Agora, o time rubro negro tem a sua estrela? Bom, ainda é cedo para mencionar isto. Mesmo assim, o El paranaese viajou cerca de 1,793 km para a capital argentina (Buenos Aires) onde desafiou o Vélez Sársfield, em jogo válido pela segunda rodada da Libertadores. Enquanto a equipe ‘alternativa’ jogava o Campeonato Paranaense contra o Arapongas, a equipe principal do Furacão viajou com antecedência e foi até o estádio do Boca Juniors, La Bombonera, ver a equipe da casa triunfar sobre o Estudiantes, para enfim, entrar no clima de futebol sulamericanoNa mesma competição que o Boca Juniors e Estudiantes jogou também no último final de semana o adversário do Atlético paranaense, que perdeu sua invencibilidade depois de 11 jogos invictos para o Lanus no placar de 3 a 2, em jogo válido pela quarta rodada do Campeonato Argentino. Mesmo com a derrota, os torcedores do Vélez Sársfield estiveram animados e fizeram filas para comprar os ingressos para o confronto com o time paranaense, no Estádio José Amalfitani.


Foto: Juan Mabromata
Confronto entre Vélez Sárfield e Atlético-PR
A argentina com certeza lembra bem do atacante Adriano, daquela vitória emblemática da Seleção Brasileira sobre os hermanitos. Por isso, bastante medo e vaia ao mesmo tempo para o avançado. Mas do outro lado, o time da casa teve uma zaga experiente e a estrela do time era outro atacante, Mauro Zaraté. Com a bola rolando, a equipe da casa deu o primeiro chute aos 40 segundos. Sinal que não seria nada fácil para a equipe rubro-negra. Com o passar do tempo, o duelo ficou equilibrado. O time do Atlético respondeu com contra golpes, mas o maior volume do jogo no inicio foi do time da casa. Com isso, foi necessário uma forte marcação da equipe rubro-negra. Fato que dificultou as jogadas pelos flancos, mas o meio esteve bem aberto. Devido a isso, aos 15' a torcida local entoava o canto das arquibancadas que motivou os jogadores argentinos do Vélez. Com o décimo segundo jogador em “campo”, o time da casa se envolveu em uma bela troca de passes e quase abriu o placar aos 17’.

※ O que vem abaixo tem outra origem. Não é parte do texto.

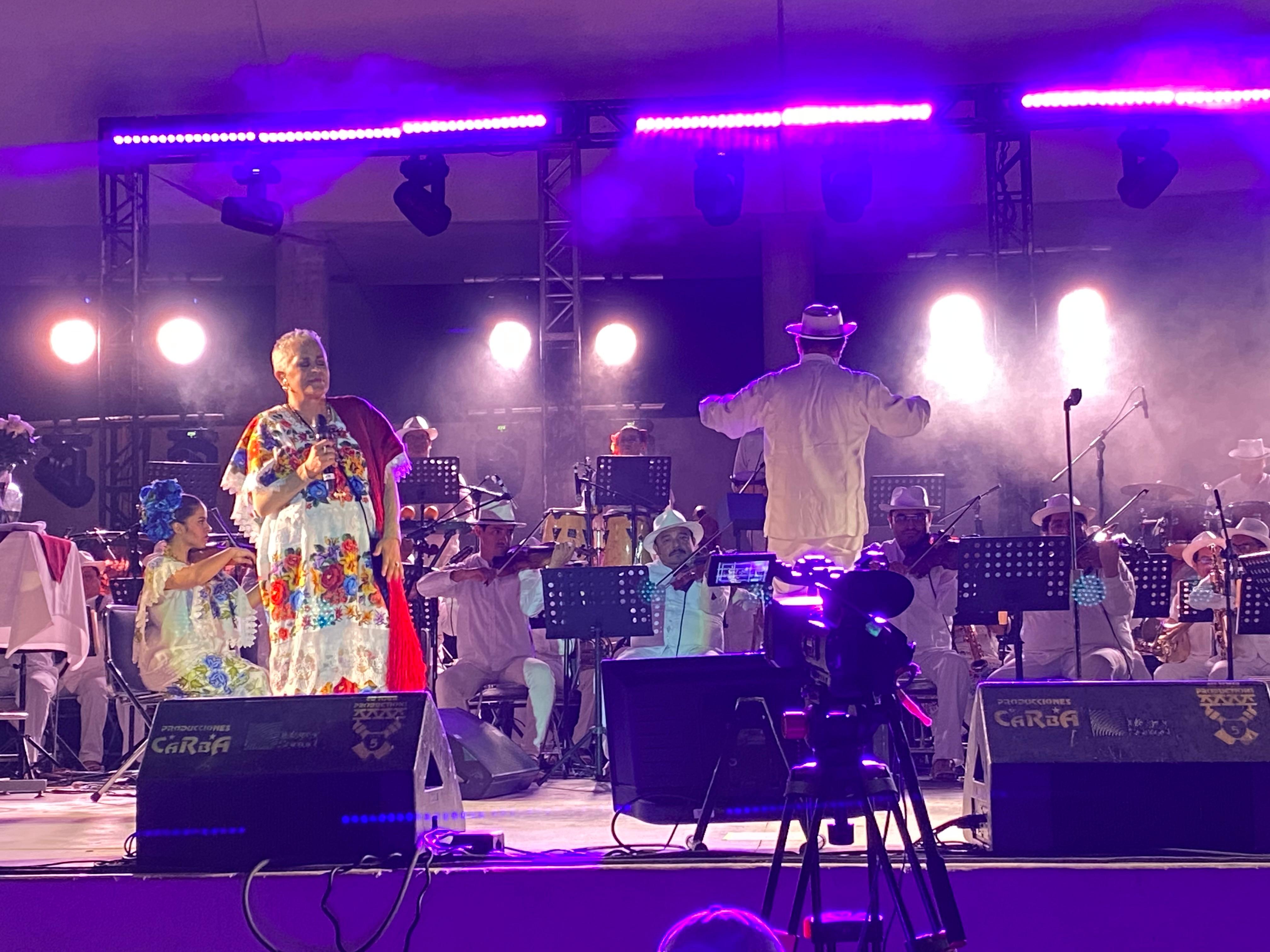 Al ritmo del son, el fandango, la cumbia, la tracalada norteña y el bolero, la cantante de voz prístina, acariciante, con la firmeza del do de pecho de mezzosoprano, contagió al público de alegría y musicalidad con temas de su vasto repertorio, incluidos los de la trova yucateca grabados en su acervo de 30 discos de larga duración.
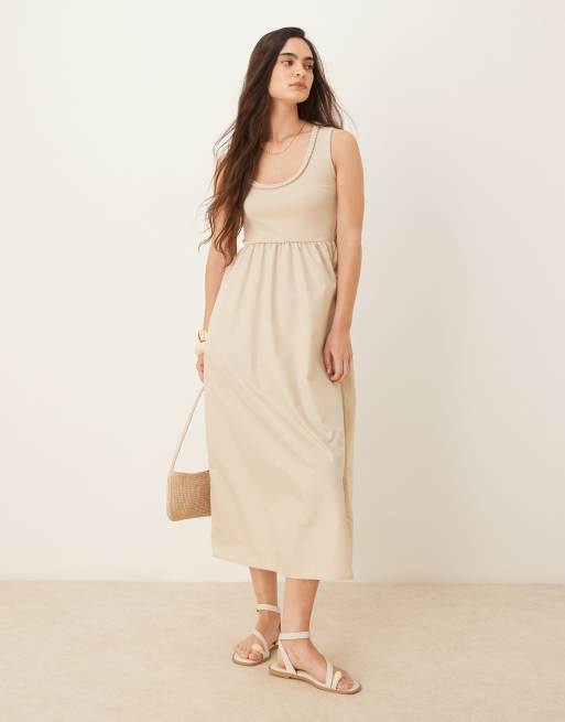 Threadbare – Maxikleid in Taupe mit U-Ausschnitt
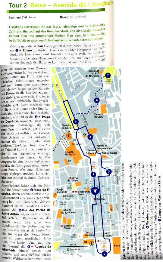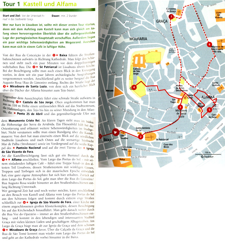 >2:00h je Tour | zu Fuß, Elevador, Carris, Bus | Tour 1, Tour 2, Tour 3 gemäß Baedeker
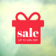 Gift Box SALE sign window cling featuring two rows of customisable text on a red gift box background. Default text is "Sale" and "up to 50% off". Put on your shop window to announce current sales.
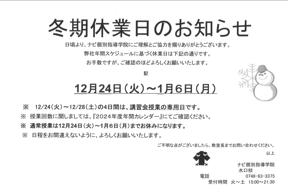 また、12/24(火)~12/28(土)は講習会専用日となっており
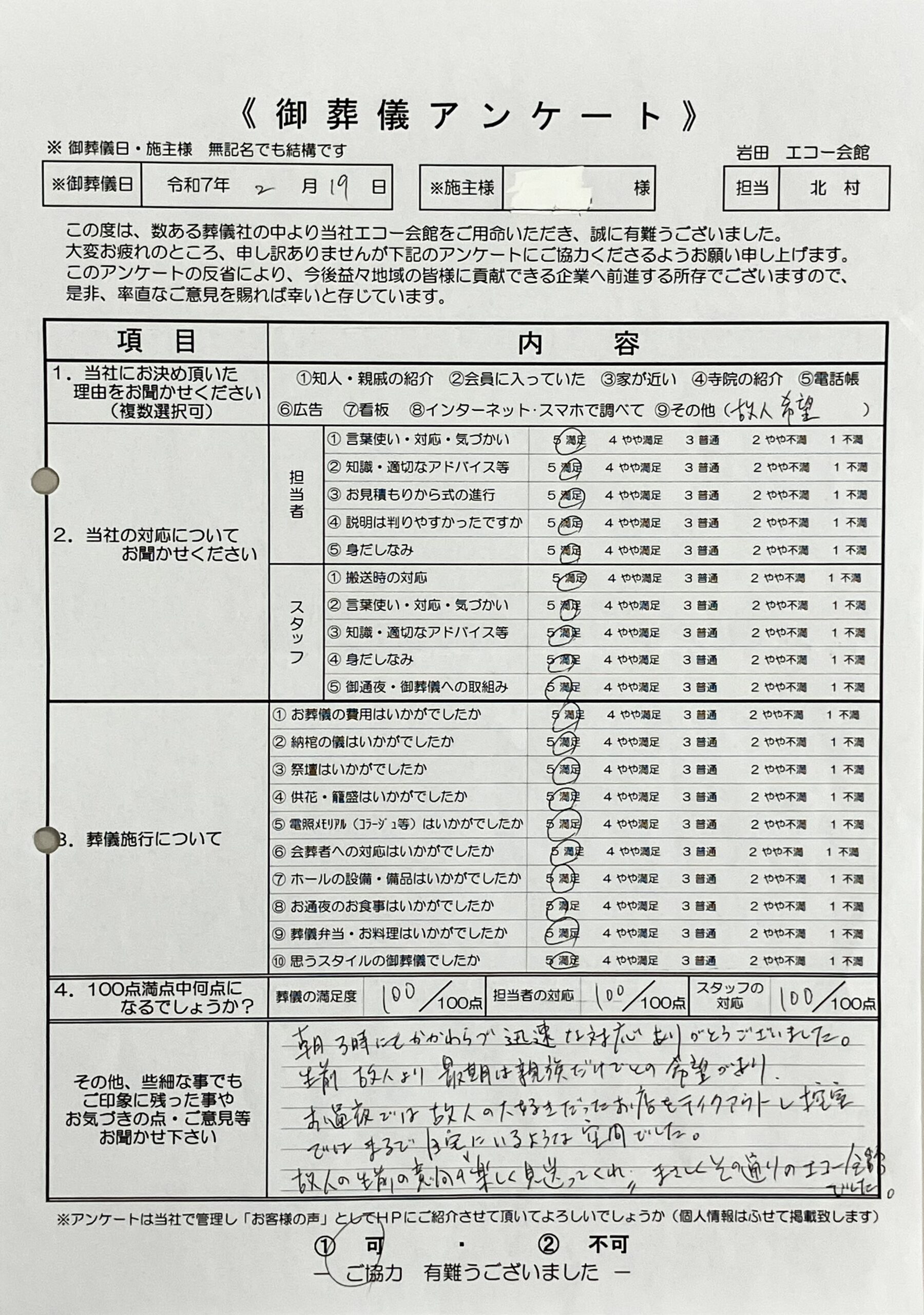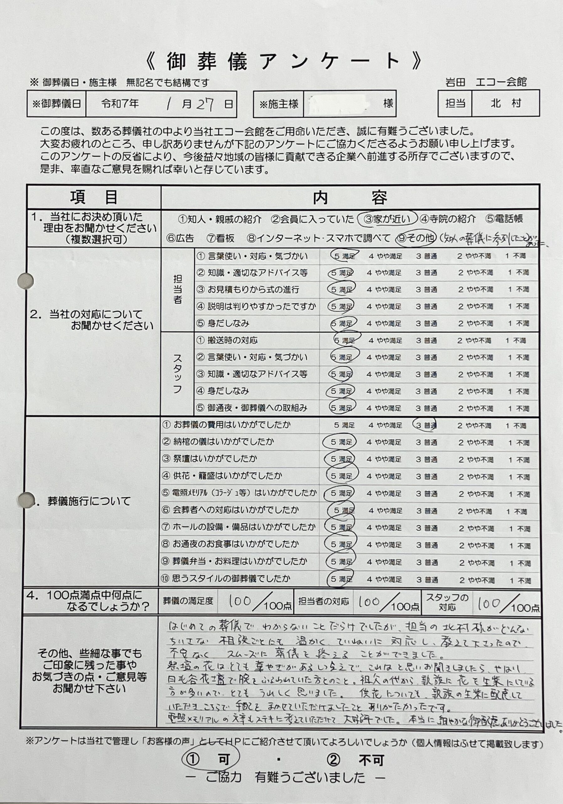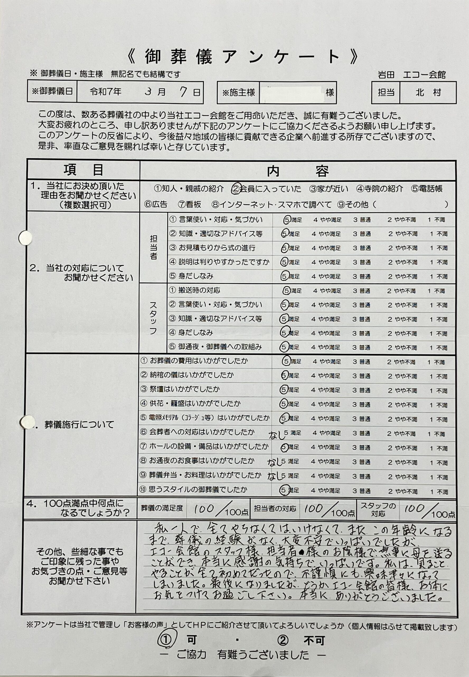 初めてのご葬儀で、ご不安の中、私どもにお任せいただけたこと、心より感謝申し上げます。担当の北村に対する「どんな小さな相談ごとにも温かく、ていねいに対応し、教えて下さった」とのお言葉は、スタッフの大きな励みとなります。お客様のご不安を少しでも取り除き、スムーズにお見送りを終えていただくことこそ、私どもの最も大切にしている使命でございます。ご協力いただき、本当にありがとうございました。
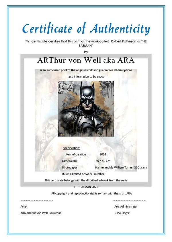 op de achterkant het nummer en uitgebreide informatie plus een door de kunstenaar ondertekend certificaat. Het is mixed media-kunstwerk en is gemaakt met behulp van AI, acrylverf, inktpennen en bewerking op een grafisch tablet. Samen met fotografie een werk van de opkomende kunstenaar ARA, die zijn werken in heel Europa en Amerika (NY) al heeft verkocht aan verzamelaars voor hun privécollecties, galerijen en ook via het web en CATAWIKI.
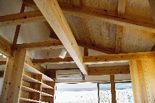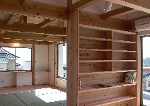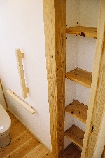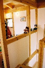 吉野杉をふんだんに使ったナチュラルな住まいです。棚や手すり、家具もリーズナブルな節のある杉板で製作、気持ちのやすらぐ住まいになりました。
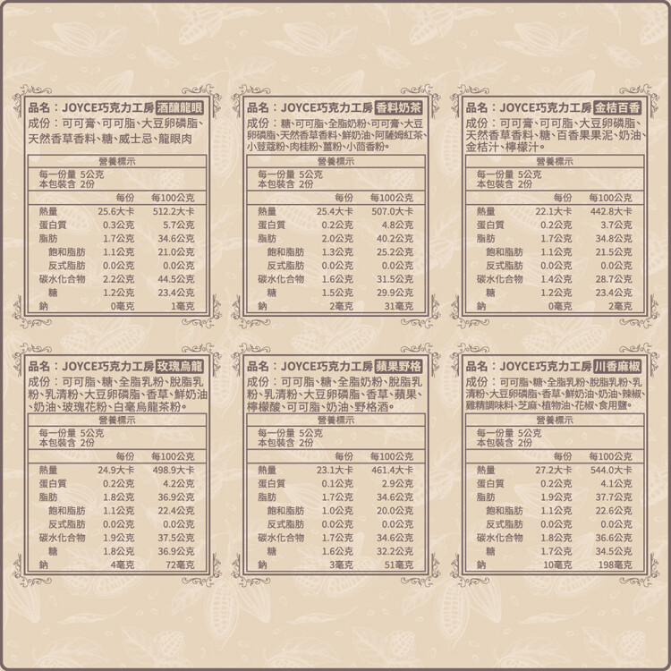 ※川香麻椒-可可脂.糖.全脂乳粉.脫脂乳粉.乳清粉.大豆卵磷脂.香草.鮮奶油.奶油.辣椒.雞精調味料.芝麻.植物油.花椒.食用鹽
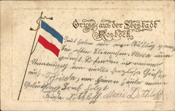 Präge Ak Hansestadt Rostock, Fahne, Seestadt
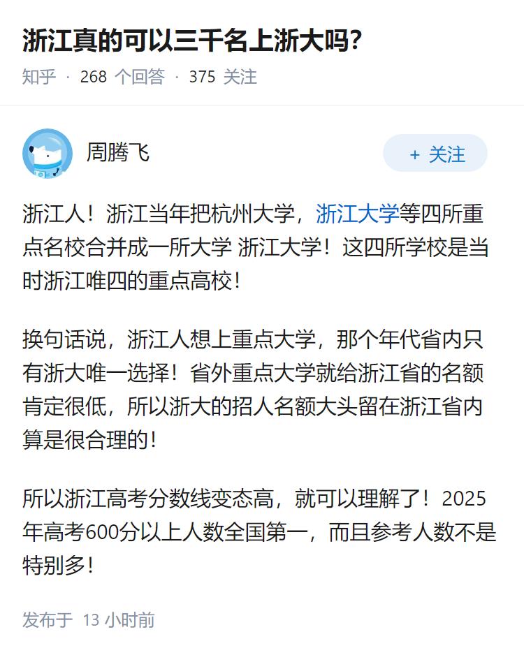 浙江真的可以三千名上浙大吗?
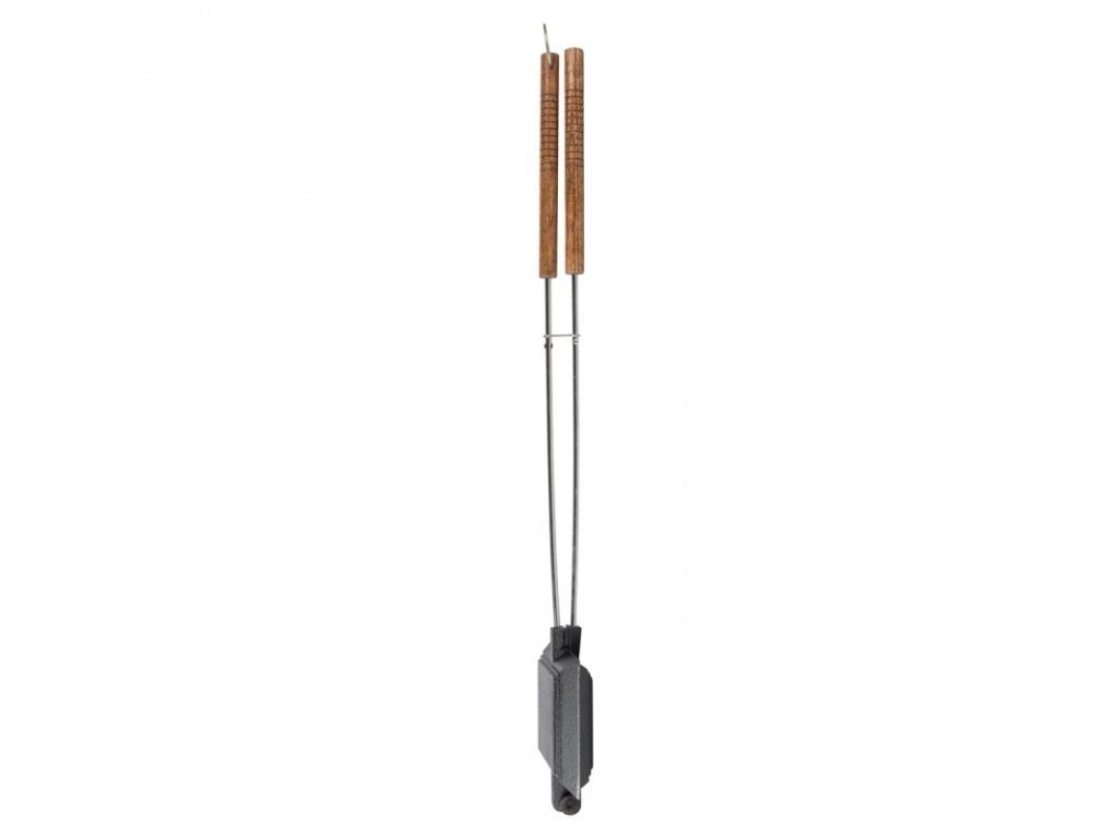 Železný držák s háčkem pro spojení je zakončen rukojetí z březového dřeva a kroužkem pro snadné zavěšení.

Passados dos 30’, Pratto começou a destacar na partida e fez a melhor finalização do jogo até o momento.  Mas Wéverton defende no melhor estilo “pulo do gato”. Na sequência, o Furacão ficou acuado e recebeu outra investida do time argentino e Lucas Pratto perdeu outra oportunidade. Devido a insistência do time da casa e a torcida apoiando, foi fácil perceber que logo chegaria o gol do Vélez. Não deu outra, na quarta cobrança de escanteio, Tobi abriu o placar no Estádio José Amalfitani. Placar que persistiu até o apito final do árbitro, já que o time rubro-negrO perdeu a força de reação na primeira etapa.

Foto: Juan Mabromata
Mesmo com a falta de criação na 'meiuca', a equipe paranaense voltou com a mesma formação. Porém, voltou com mais vontade em seus jogadores. É, foi de cogitar que a conversa de dentro do vestiário valeu a pena. Natanael ganhou espaço na lateral para jogar, consequentemente, destaque no time visitante. Mas isso não foi o bastante para continuar com a mesma equipe. Assim, o treinador Miguel Angel Portugal fez a primeira alteração no time. Sacou um volante e colocou um atacante. Na sequência, tirou um meia e colocou outro atacante. Nessa altura na partida, o Furacão tinha três atacantes.

Substituições que surtiram efeito na equipe atleticana. Assim, o Vélez foi obrigado a mexer no time também. Tudo indicava que iria chegar um defensor, mas o treinador do time da casa foi abusado e colocou um meia de velocidade. Depois desse troca-troca, o Vélez proporcionou ao Atlético dificuldades na saída de bola. E foi assim que o El Paranaense levou o segundo gol da partida, pois Lucas Pratto recebeu um prato cheio e ampliou o placar depois de antecipar do zagueiro Manoel e do goleiro Wéverton, aos 33’.

Foto: Juan Mabromata
Depois de levar o segundo, o treinador do Atlético proporcionou o que todos queriam ver, mas bem atrasado. Adriano em campo, mesmo injuriado, o atacante ainda teve uma oportunidade desperdiçada. Depois disso, o combate teve aquela velha catimba argentina e muitas faltas na meia cancha. Mesmo com o Furacão investindo em bolas aéreas para o Imperador. Assim, com três minutos de acréscimo o placar persistiu em 2 a 0 até o apito final do árbitro uruguaio.